ひきこもり対談⑥:ひきこもりと不登校の違い・続き

※ しばらく中断していましたので、前回の一部を再掲し連載を再開します。

野村 「アカシヤ会」の場合はですね、学校との関係が整理つくと結構元気になっていくといいますか、つまりこれもとても乱暴な言い方だけれども、「学校に行かない」という選択をキチンと出来れば問題のかなりの部分が解決するんですよ。ですから親御さんがそういう風に思っていけることで「今度学校の先生とのやりとりでもこういう風に言ってみるわ」、という感じになってね。具体的な手がかりを掴んで帰りやすいんですよ。最後は笑顔になったり笑い声で話が弾んだり。やはり最初は、みんな身を縮めてますからね。例会の話し合いを進める中で実際そうやって不登校を体験した親御さんの体験談とか工夫を聞いて相当手がかりは掴みやすい。つまり学校との関係で無理に学校に行かないという選択肢がはっきりしてくれば結構解決していくんですね。
 ところがひきこもりの場合が難しいのは「社会に出ない」という選択肢がなかなか出来ないわけです。不登校の場合「行かない」という選択肢ですけれども、ひきこもりの場合は「何かをしなければならない」ということの解答を常に求められる。親も、支援者の側も。で、答えが無いんですよ、それについては。そこの違いはとても大きいと思いますよ。

杉本 いや、明快ですね。その話は。うん。非常に深く頷きます。

野村 ええ。だからもう極論すればね。「別に働かなくてもいいんだよ」って。「一生家にいたっていいんじゃない?」って。極端なことを言えばですよ、そういう選択肢を本人も親も割り切って開き直って持てれば、だいぶ精神状態は良くなると思うんですよ。でもそれってとても難しいと思いませんか?

杉本 確かに難しいですね(笑)。

野村 まあ、非常に比喩的な言い方をすると、「行かない」「しない」という選択肢でかなりの部分解決するのが不登校だとすればですね、ひきこもりの場合は常に「何かやらなければならない」という解決を求められるのがあるわけです。

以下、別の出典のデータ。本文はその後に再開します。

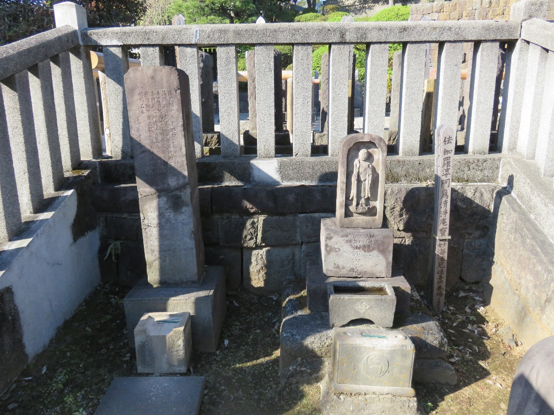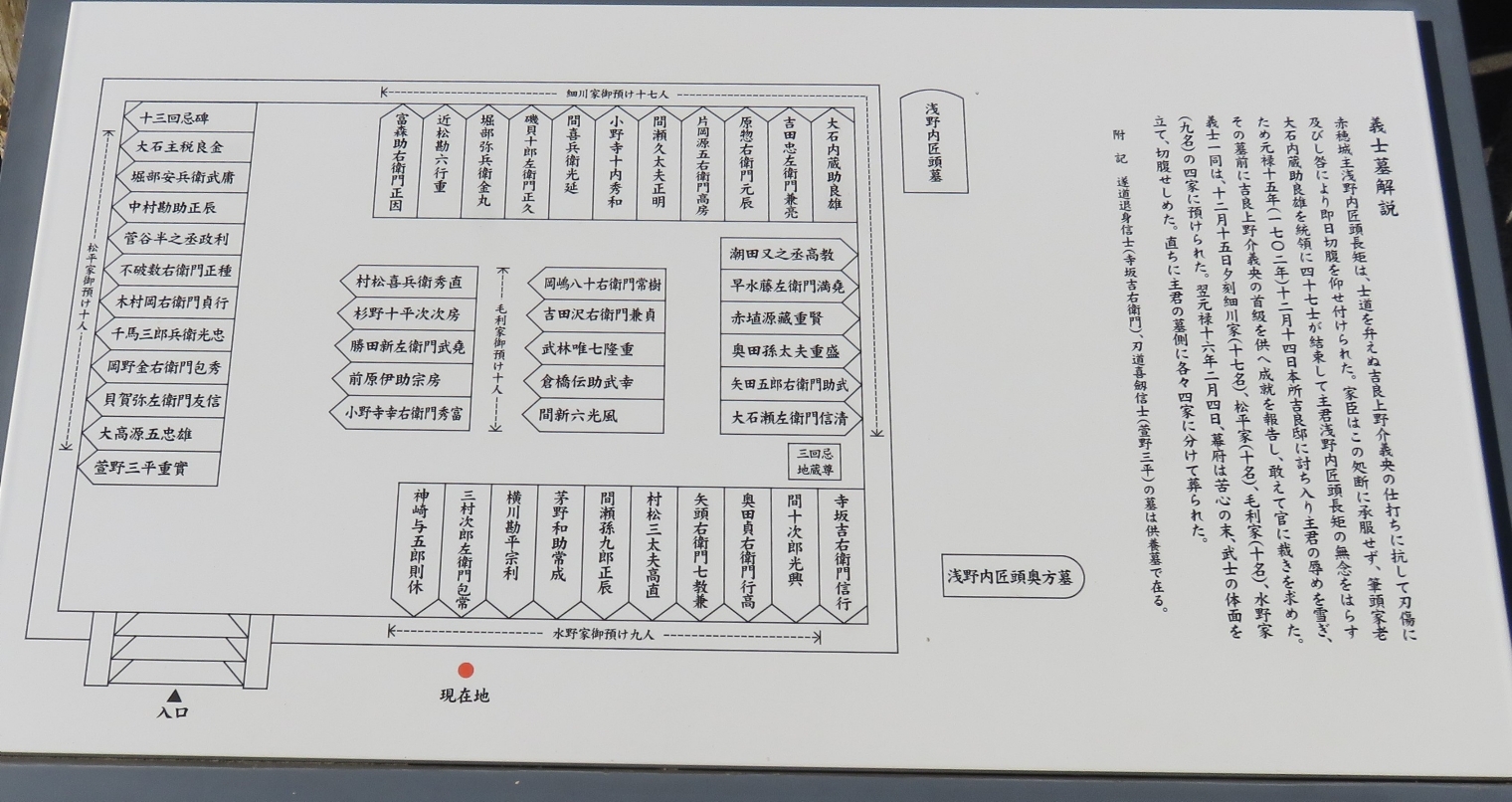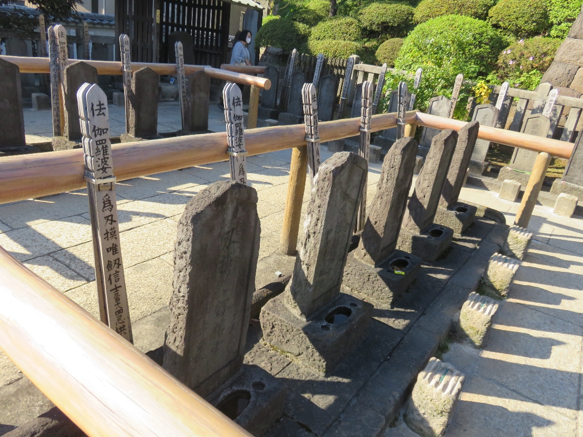 ●浅野長矩墓および赤穂義士墓・・・・・元禄14年3月14日江戸城中で吉良義央(上野介)に対し刃傷沙汰に及び、即日切腹となった赤穂藩主浅野長矩(内匠頭)の墓、及び、元禄15年12月14日、江戸本所の吉良屋敷に押し入って吉良の首級を上げ、翌年2月4日に切腹となったいわゆる赤穂浪士(泉岳寺では「赤穂義士」と呼んでいる)の墓である。一般に赤穂浪士は「四十七士」と呼ばれるが、泉岳寺の赤穂義士墓地には、本人は討ち入りを熱望したものの周囲の反対に遭い討ち入り前に切腹した萱野三平重実の供養墓「明和4年(1767年)9月建立」を含め48基の墓塔がある。48基のうち、萱野三平と、遺骸を遺族が引き取ったため泉岳寺には埋葬されていない間光風(新六)、討入りに参加した浪士の中で唯一人切腹をまぬがれた寺坂信行(吉右衛門)の墓塔は、遺骸の埋葬を伴わない供養塔である。なお寺坂以外の浪士の戒名はすべて最初の文字が「刃」となっている。(フリー百科事典ウィキペディアより)
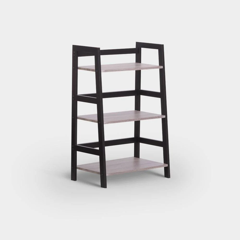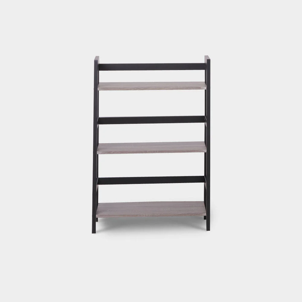 An Industrial style shelf with 3 layers made from particle board with powdercoated metal framing.
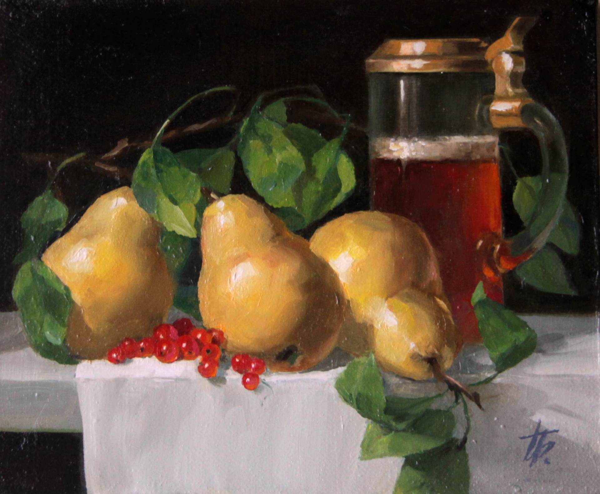 The still life is painted from life in oil on linen canvas using a multilayer painting technique that creates the illusion of volume and tangibility of the objects.
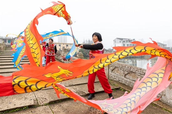 老年舞龙队同样充满活力。59岁的何桂云是健身龙团队的领队,舞动没多久,她便脸色红润,沁出了汗珠。“‘二月二,龙抬头’,我们舞龙不仅锻炼了身体,还寓意美好,希望大家都健康平安。”何桂云说,队中姐妹年龄多在50岁以上,最年长的已75岁。每逢春节、元宵节等传统节日,她们都会组队表演,为节日增添喜庆气氛。
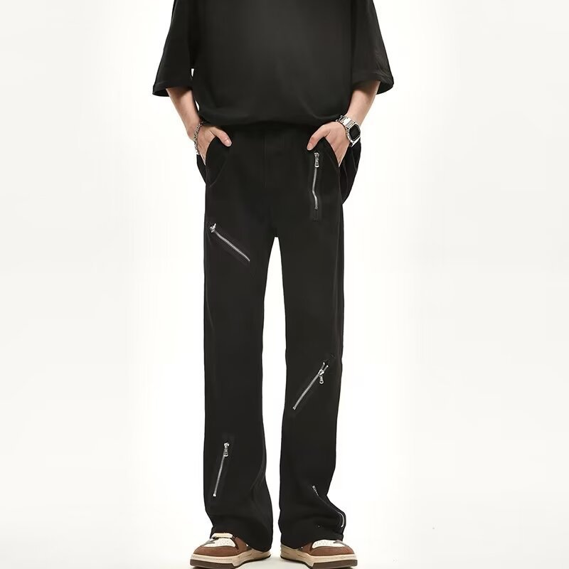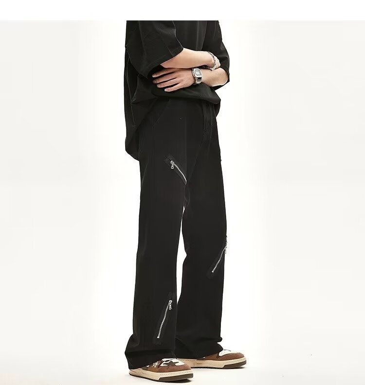 새로운 미국 스타일 하이 스트리트 지퍼 디자인 센스 블랙 청바지 트렌디 남성용 트렌디 브랜드 루즈 레트로 스트레이트 마이크로 팬츠
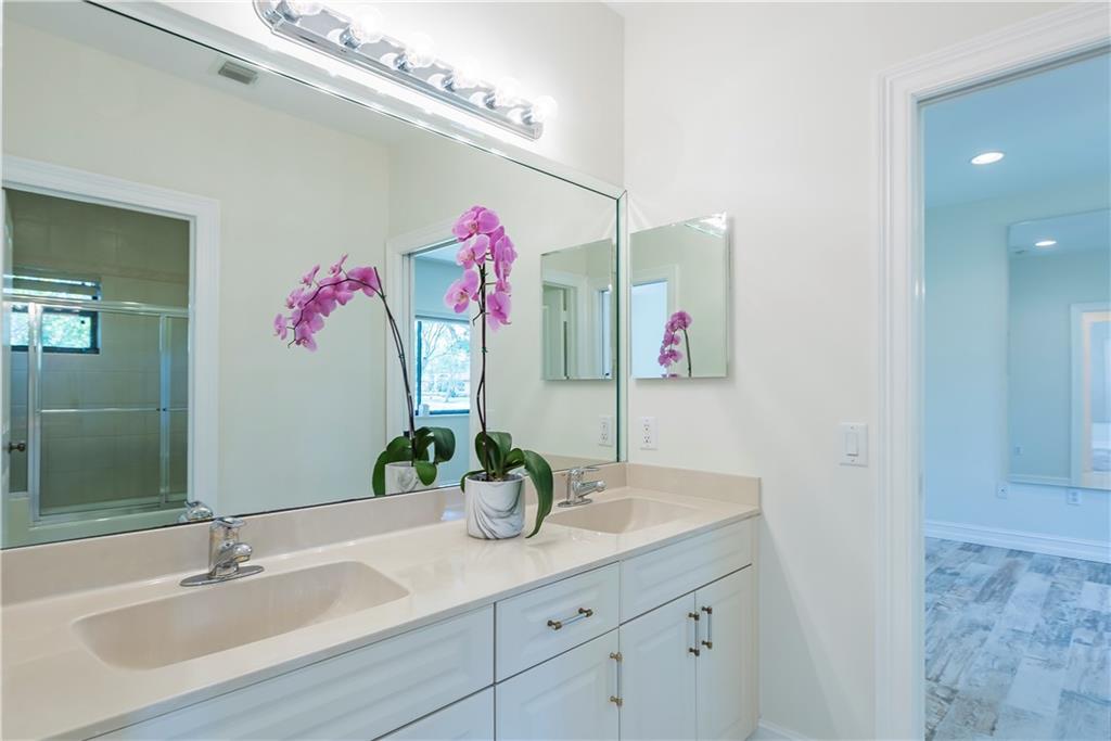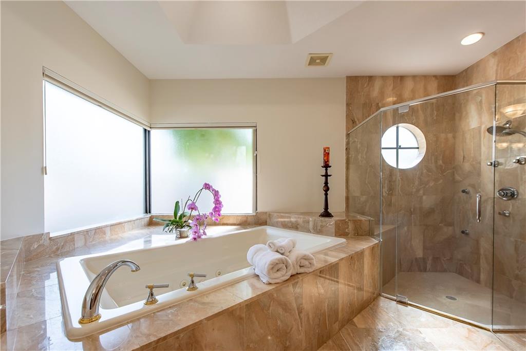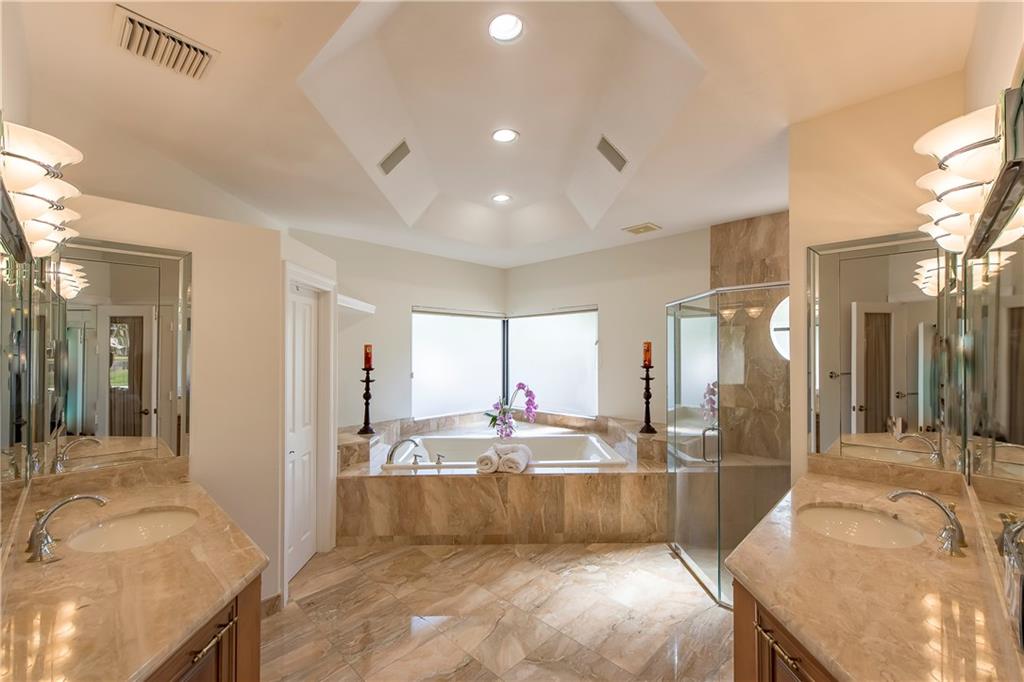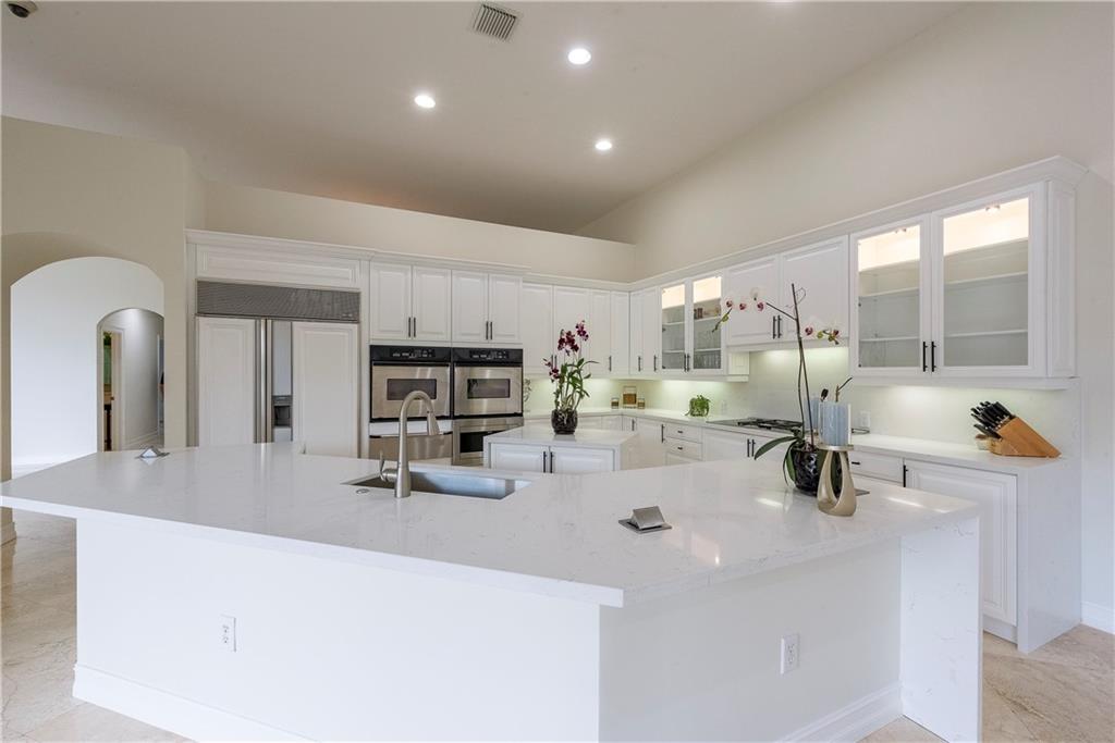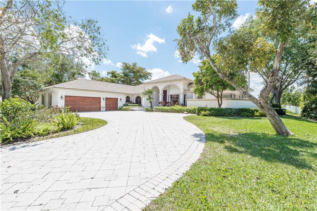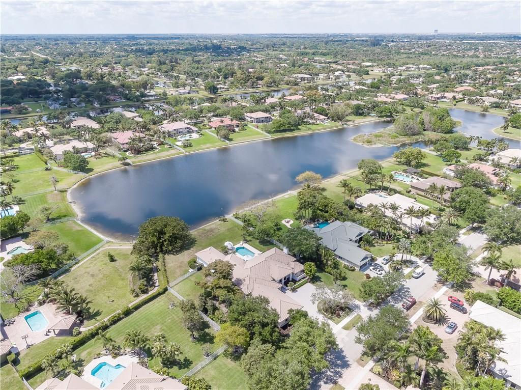 Estate living at its finest! One story waterfront residence in a private gated community! Enjoy seamless glass windows creating sun filled rooms to capture beautiful large pool & water views. Great for entertaining featuring a NEW gourmet chef's kitchen--Carrera Quartz, SubZero and Decor appliances, formal living room/dining room, large master suite with fireplace, grand media room IDEAL FOR PROFESSIONAL HOME THEATER, family room with fireplace, custom office with natural hard wood floors, safe room, temperature controlled three car garage, expansive covered lanai.

杉本 う~ん。つまりある意味では不登校の子の場合は親御さんが変わればだいぶ元気になる。ひきこもりは僕もずいぶん乱暴なことを言いますけど、親御さんが一生懸命勉強して、知識を得てもそう動きがない可能性もあるから、親御さんもなかなか徒労感が大きい、支援者の人も徒労感がある、というようなものかもしれませんね。